The term “records” that RIM professionals have traditionally referred to is becoming obsolete as governance is less and less about records these days – it’s about information.  Referring to those stakeholders as IM professionals is becoming more common.

Legal stakeholders have an increasingly pivotal role in the balancing act between privacy, information governance, discovery, and litigation.  Their responsibilities span all four functional areas, and the legal stakeholders are critical to being able to achieve an organization’s objectives across them.

Leveraging Existing eDiscovery Technology for New Use Cases

To achieve the balancing act between the four functional areas, one of the keys that can be leveraged is  eDiscovery technology.  The primary function of the technology used to support discovery and litigation has always been the analysis, organization, management, and identification of information to meet legal needs.  Machine learning, natural language processing (NLP) and other artificial intelligence (AI) technologies can be applied not just in discovery, but in a variety of business use cases and across our daily lives as well.  The use of mathematical principles such as recall, precision and sampling to provide a level of defensibility of results have been around much longer than the eDiscovery use cases for which they have become so common in the legal world.

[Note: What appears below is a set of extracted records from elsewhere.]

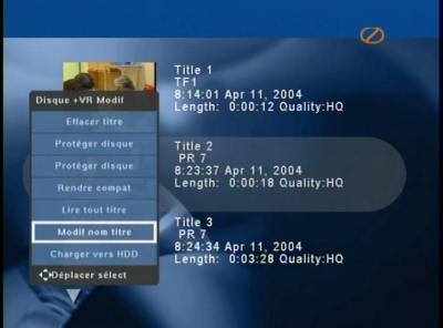 Il est possible de supprimer un enregistrement, le renommer ou encore de le copier sur un disque DVD.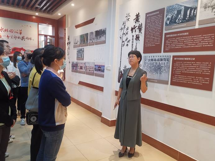 全体党员首先来到黄竹村党群服务中心,参观了黄竹村党支部展厅。常彩红老师声情并茂地为全体党员介绍了黄竹村村委会、党支部的发展历史、黄竹村的革命历史文化及长寿文化。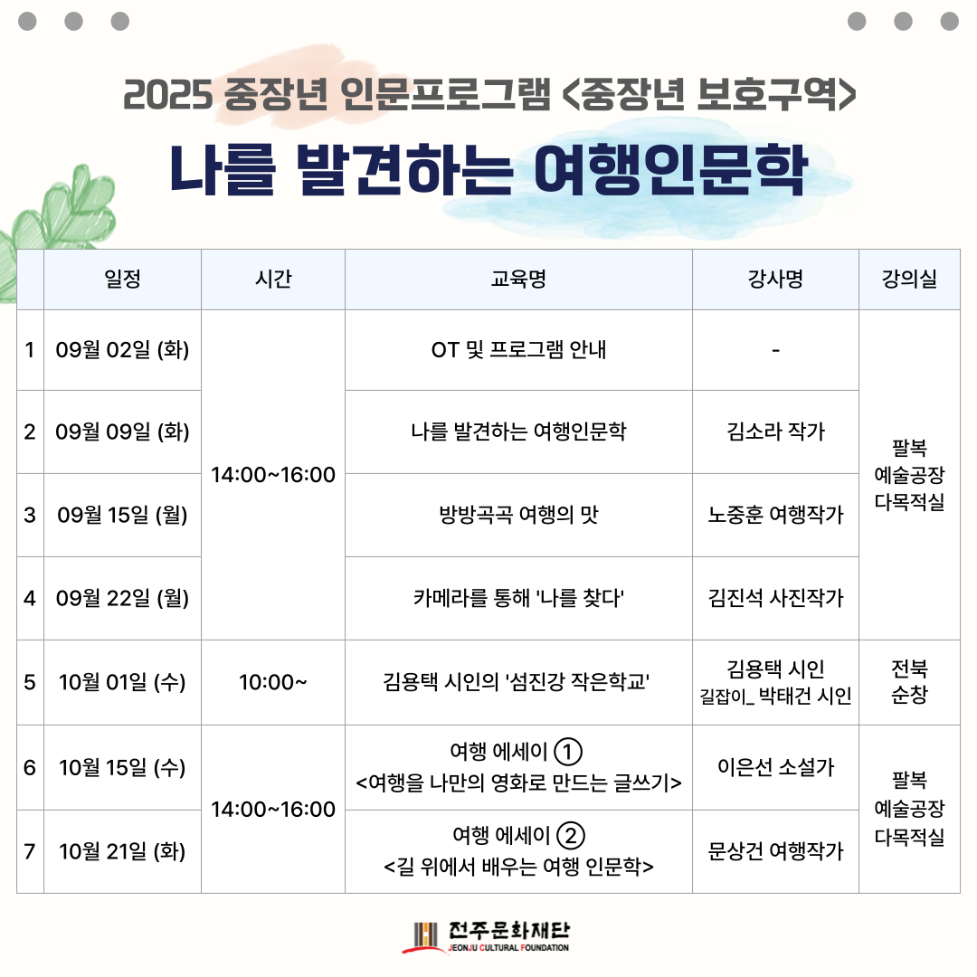 2025 중장년 인문프로그램 <중장년보호구역> - 나를 발견하는 여행인문학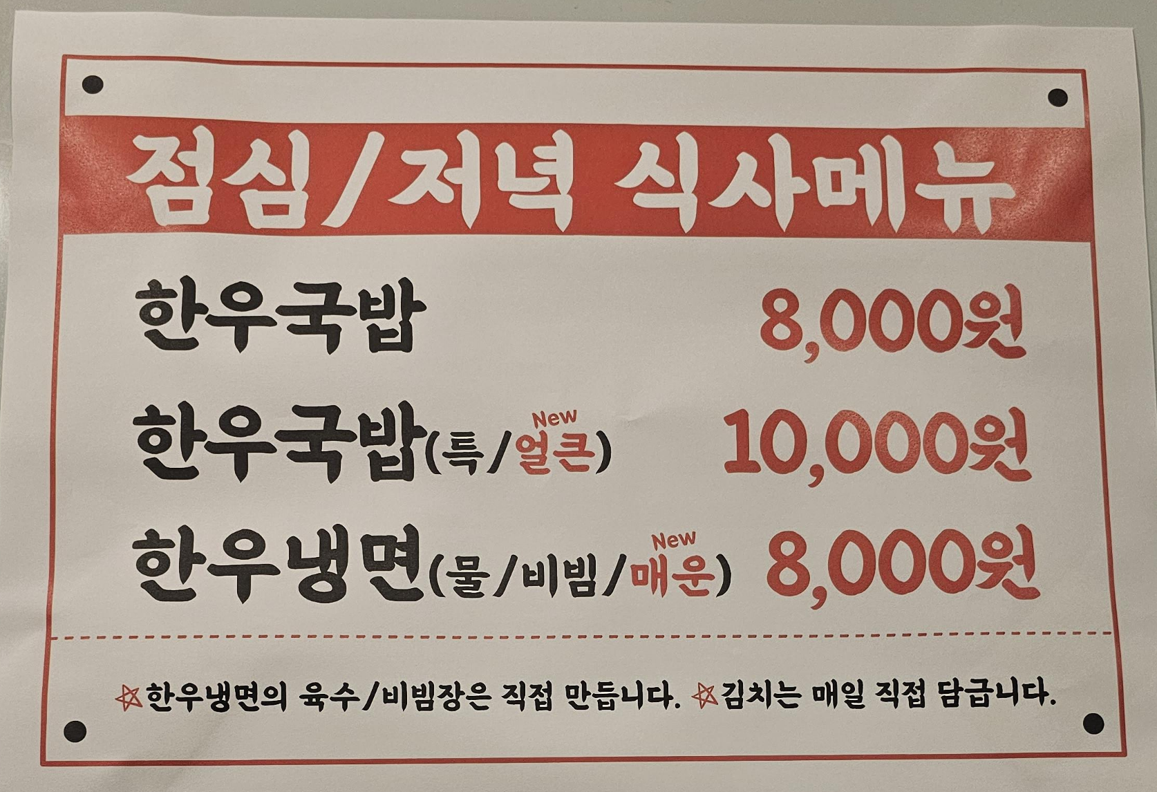 식사메뉴는 저번에도 봤지만 한우국밥과 한우냉면을 팔고 있었습니다. 한우국밥 특은 일반 한우국밥보다 고기 같은 게 더 많은 국밥이고 얼큰 한우국밥은 뚝배기에 나오는 얼큰한 국밥이라고 하네요. 저는 한우국밥 특(10,000원)으로 주문했습니다.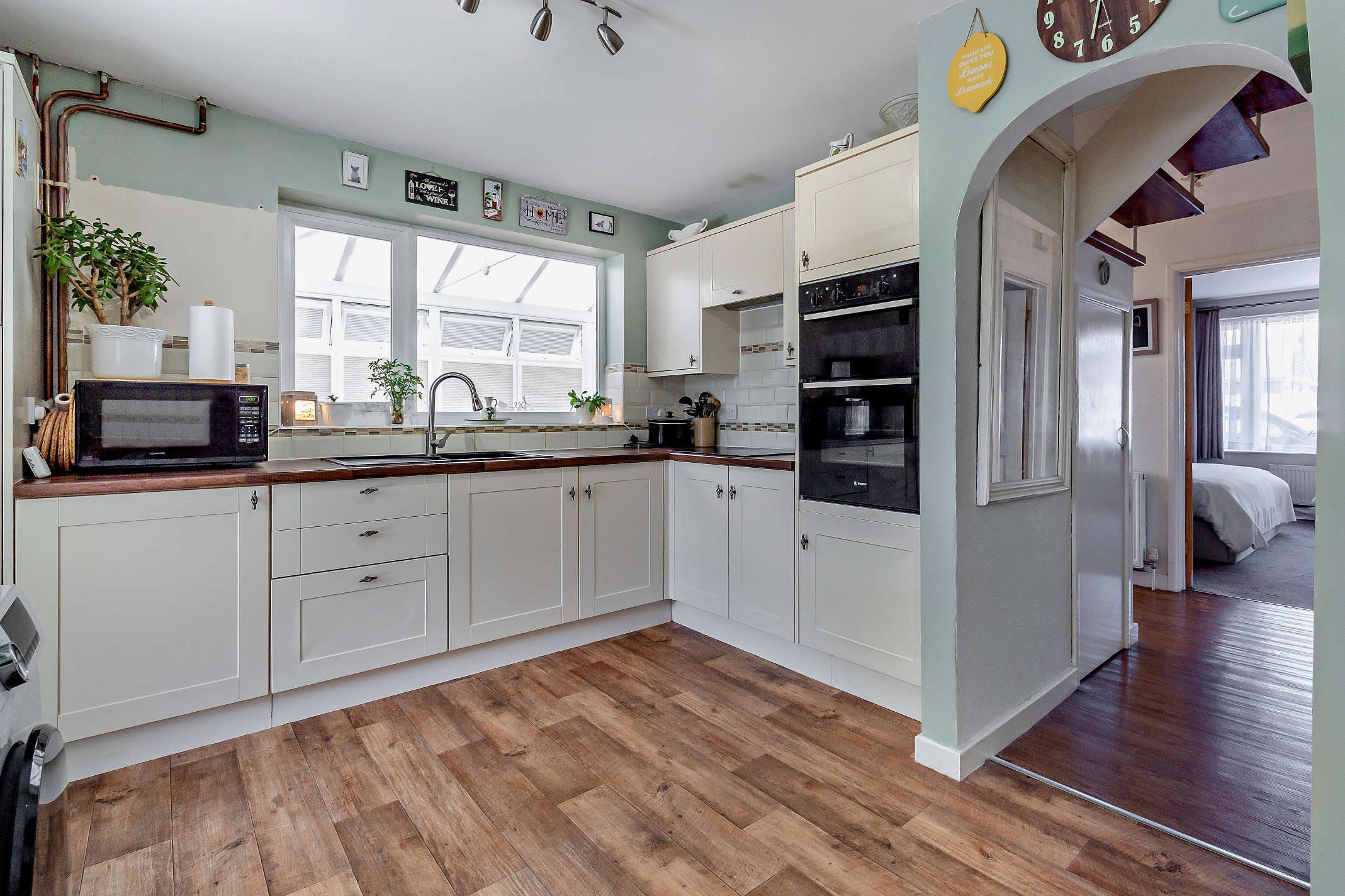 This is a spacious room with a triple aspect view and a vaulted ceiling allowing for plentiful natural light. The room offers wooden-style flooring throughout, French doors open from here to the lounge/diner and a main entrance door opens to the front driveway.

When you consider functions associated with the management of information, regardless of use case, here are examples of eDiscovery technology solutions that support them:

  • Identification: Cellebrite and X1
  • Analysis: Nuix, Rampiva, NexLP, Brainspace and H5
  • Organization and Management: Relativity/Relativity One and DISCO

Why use an Excel spreadsheet to organize information when you can use a platform that is designed to organize millions of documents, like Relativity?  Why rely solely on practice and procedures to identify sensitive personally identifiable information (PII) within an organization when machine learning and NLP can be trained to find PII data that manual efforts may miss? Why employ workflows that may be cost-prohibitive to execute across an enterprise when technologies exist to streamline the process?

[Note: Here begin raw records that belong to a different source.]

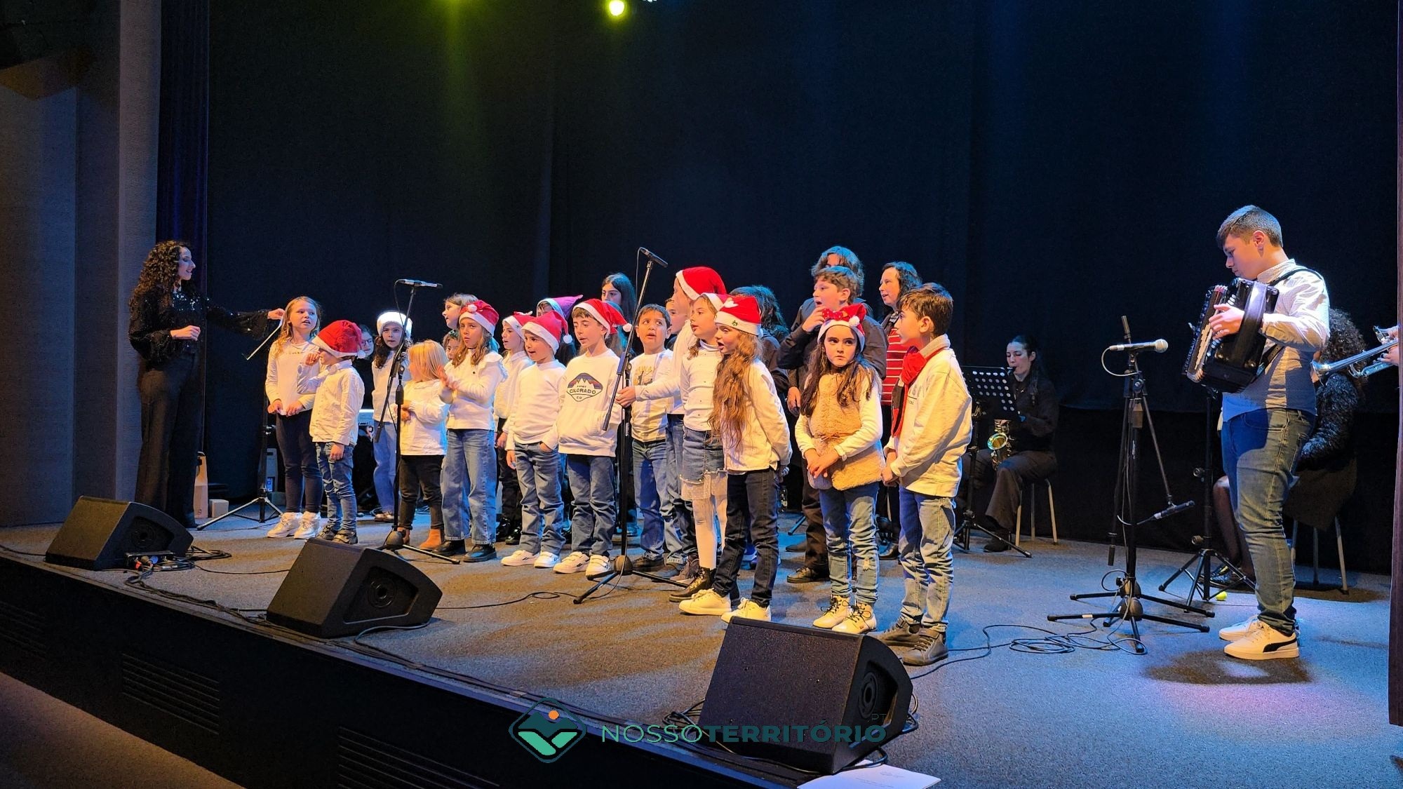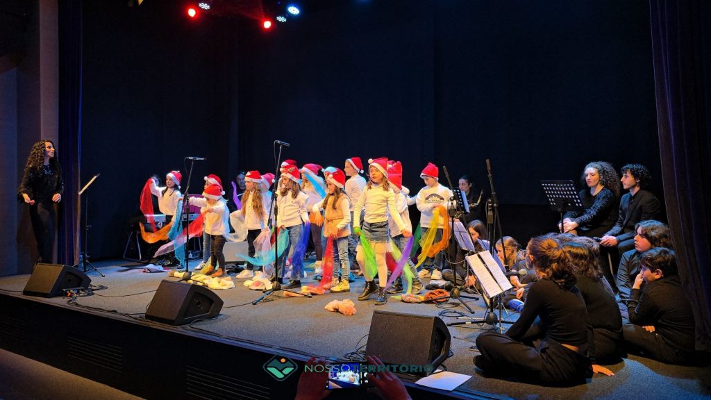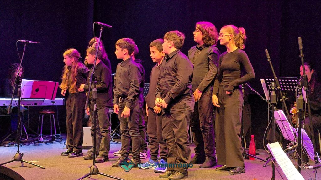 Os cerca de 60 alunos juntaram-se aos professores e brindaram o público com vozes afinadas e instrumentos bem trabalhados.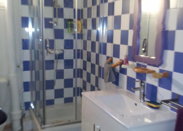 - Salle de bain avec toilette , rangement, table à repasser, fer à repasser.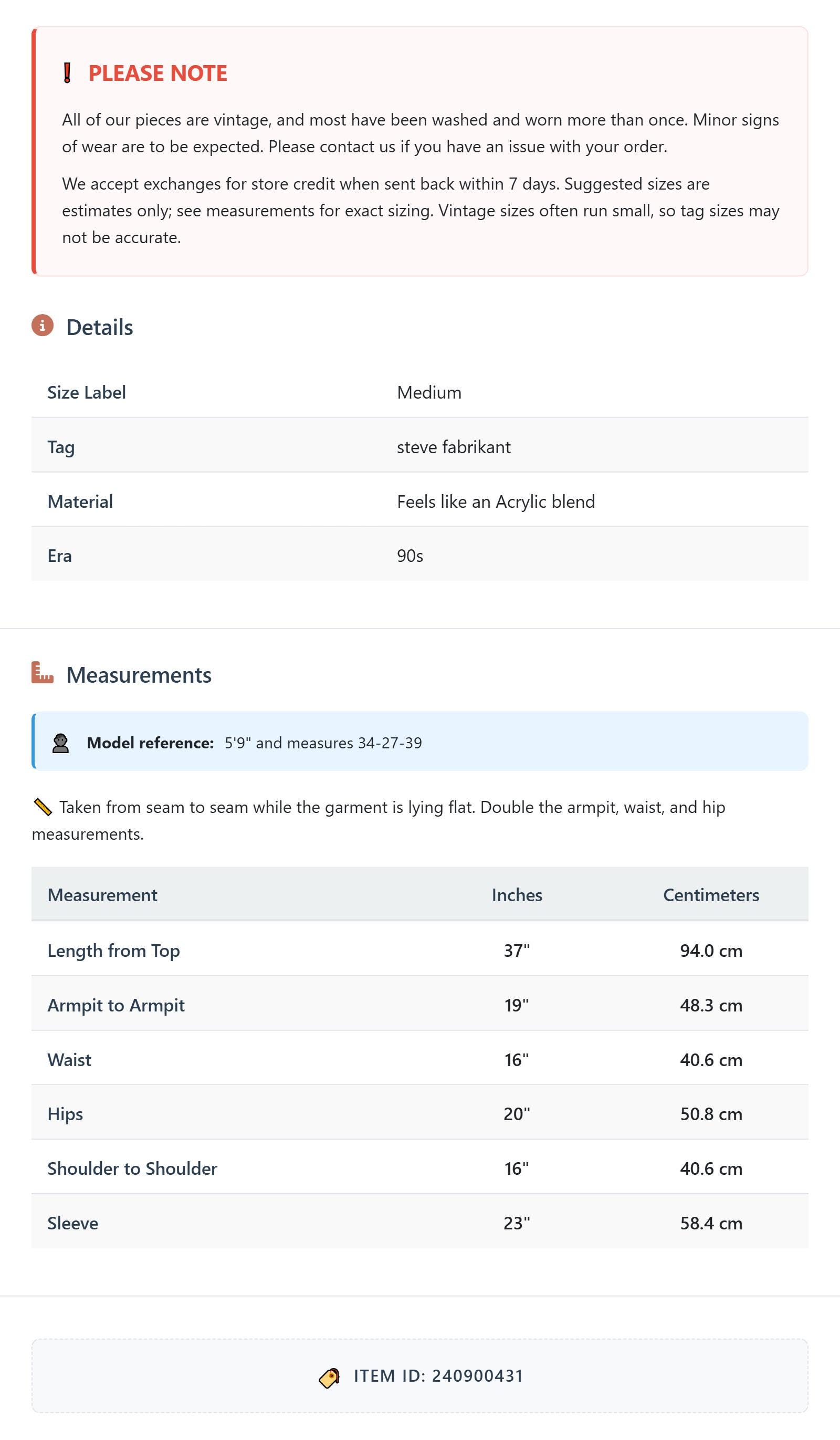 Suggested sizes are estimates only; see measurements for exact sizing. Vintage sizes often run small, so tag sizes may not be accurate.

Why preserve data broadly at the custodian level to support litigation when eDiscovery technology available today enables an organization to apply a much more granular level to litigation holds than ever before, avoiding unnecessary holds on large volumes of data?  The technology to walk the tightrope of those seemingly disparate organizational use cases exists within the realm of eDiscovery solutions available today.

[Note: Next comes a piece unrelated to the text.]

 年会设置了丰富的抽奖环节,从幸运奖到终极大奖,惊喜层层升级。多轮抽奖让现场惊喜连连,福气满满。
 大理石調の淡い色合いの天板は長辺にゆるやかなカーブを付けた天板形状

eDiscovery Professionals are the Flying Wallendas of an Organization

Of course, technology by itself is useless without the expertise to fully leverage and expand its capabilities.  There is no Staples “Easy” button for the use of solutions for the complicated business workflows that are required to support an organization’s privacy, information governance, discovery, and litigation use cases.  These workflows are continually evolving, and they can vary widely across use cases and even within them, depending on the parameters.  Business and information workflows are like snowflakes – no two workflows are alike.

Knowledgeable eDiscovery professionals have the experience leveraging the technology solutions described above to support ever-changing workflows and they also understand the legal use cases for privacy, information governance, discovery, and litigation that are facing organizations today.  That understanding of both technology and legal best practices is key, which is why the Chief Innovation Officer for many organizations today is often a lawyer who is also tech-savvy.  Organizations need to leverage expertise in both areas (either internally or through outsourcing) to achieve the balancing act required to support all the legal use cases at issue at the enterprise level.

eDiscovery professionals are the “Flying Wallendas” of an organization, walking the tightrope to support its privacy, information governance, discovery, and litigation needs, with one exception – they work with the “safety net” of best practices for managing and securing information to support those needs.  Those Wallendas are crazy!